For much of "Ghostbusters: Afterlife," the film's focus is on setting up and exploring the promise of a new generation of Ghostbusters. The film follows the grandchildren of the late Egon Spengler (Harold Ramis) as they find their grandfather's old ghostbusting equipment, and begin to use it to investigate a series of new paranormal disturbances occurring in the town of Summerville, Oklahoma, where Egon fled after leaving New York.

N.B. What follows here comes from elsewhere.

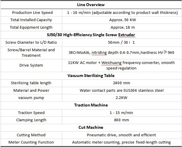 यसका लागि सेटअपबत्ती ट्यूब कभर उत्पादन लाइनकेही प्रमुख उपकरण विवरणहरू वरिपरि केन्द्रहरू। मुटुमा SJ50/30 एकल-स्क्रू एक्स्ट्रुडर बस्छ। यसले 30 देखि 1 लम्बाइ र व्यास अनुपातको साथ 50mm स्क्रू सुविधा दिन्छ। दुबै स्क्रू र ब्यारेल नाइट्राइड 38CrMoAlA स्टिलबाट आउँछन्, जसले सामग्रीहरूलाई पूर्ण रूपमा पग्लन मद्दत गर्छ, चीजहरूलाई समान राख्छ, र PC, PS, र ABS जस्ता कठिन सामानहरूको लागि पनि स्थिर आउटपुट प्रदान गर्दछ।बत्ती ट्यूब कभर उत्पादन लाइनWeichuang फ्रिक्वेन्सी कन्भर्टरसँग 11 kW AC मोटर जोड्छ, त्यसैले गति सटीक नियन्त्रणमा रहन्छ। साथै, स्वचालित भ्याकुम फिडर र डिह्युमिडिफायर ड्रायरले PC र ABS जस्ता कच्चा पदार्थहरूमा नमीको ख्याल राख्छ, पग्लने प्रक्रियाको लागि उच्च गुणस्तरको रहन्छ भन्ने कुरा सुनिश्चित गर्दै। सम्पूर्ण लाइनले सिमेन्स लो-भोल्टेज पार्ट्स र ओमरोन तापमान नियन्त्रकहरू मार्फत केन्द्रीय नियन्त्रण प्राप्त गर्दछ, जसले सबै चीजहरू विश्वसनीय रूपमा चलिरहेको हुन्छ।

That said, the franchise's iconic theme song is pretty clear about who to contact in the event of such an emergency. So when push comes to shove and Keymaster meets Gatekeeper, the film's rookie group is joined by the only destructors that series villain Gozer has ever known: Peter Venkman (Bill Murray), Ray Stantz (Dan Aykroyd), and Winston Zeddemore (Ernie Hudson), AKA the surviving members of the original Ghostbusters.
Fans of the first "Ghostbusters" should also know that they aren't the only ones whose heartstrings were pulled by the prospect of seeing three of the original four donning their proton packs again. Indeed, for Ernie Hudson, the opportunity to reunite with Aykroyd and Murray on-screen was one he didn't think he'd ever get, and he was determined to soak up every minute of it.
Ernie Hudson had given up hope for a Ghostbusters reunion
"It was cool — just how much I love that family. It was almost spiritual. I didn't cry, but some of those emotions welled up in me," Ernie Hudson recently told The Hollywood Reporter about reuniting with his old co-stars for "Ghostbusters: Afterlife." The actor talked about how amusing it was, and how proud he was, to be taking direction from director Jason Reitman, who he remembers "running around the set at 6 years old" when his father, Ivan Reitman, directed the first "Ghostbusters." But by far the biggest, most moving reunion Hudson experienced on the new film's set was the one he shared with his surviving co-stars.
"I had heard, although he never told me this, that Bill [in prior years] did not want to do another one. So I wrapped it up as this will never happen," Hudson told THR. He acknowledged that the original Ghostbusters all worked together on 2009's "Ghostbusters: The Video Game," but said they were never in the same room for that project, which was written in part by Harold Ramis and Dan Aykroyd (via IMDb). While Hudson, Aykroyd, and Bill Murray all made cameo appearances in the 2016 "Ghostbusters" reboot as well, they didn't share any scenes together and did not play their original "Ghostbusters" characters in it. "I had accepted that [a film] was never going to happen," Hudson said.
When the opportunity arrived to work on "Afterlife," Hudson was happy to take the chance to pay homage to the franchise and help bring it to a new generation of viewers. "'Ghostbusters' altered my life in a weird way," Hudson noted. "The way people responded to it and continue to respond to it — it crosses generations. I see little kids who just love the movie."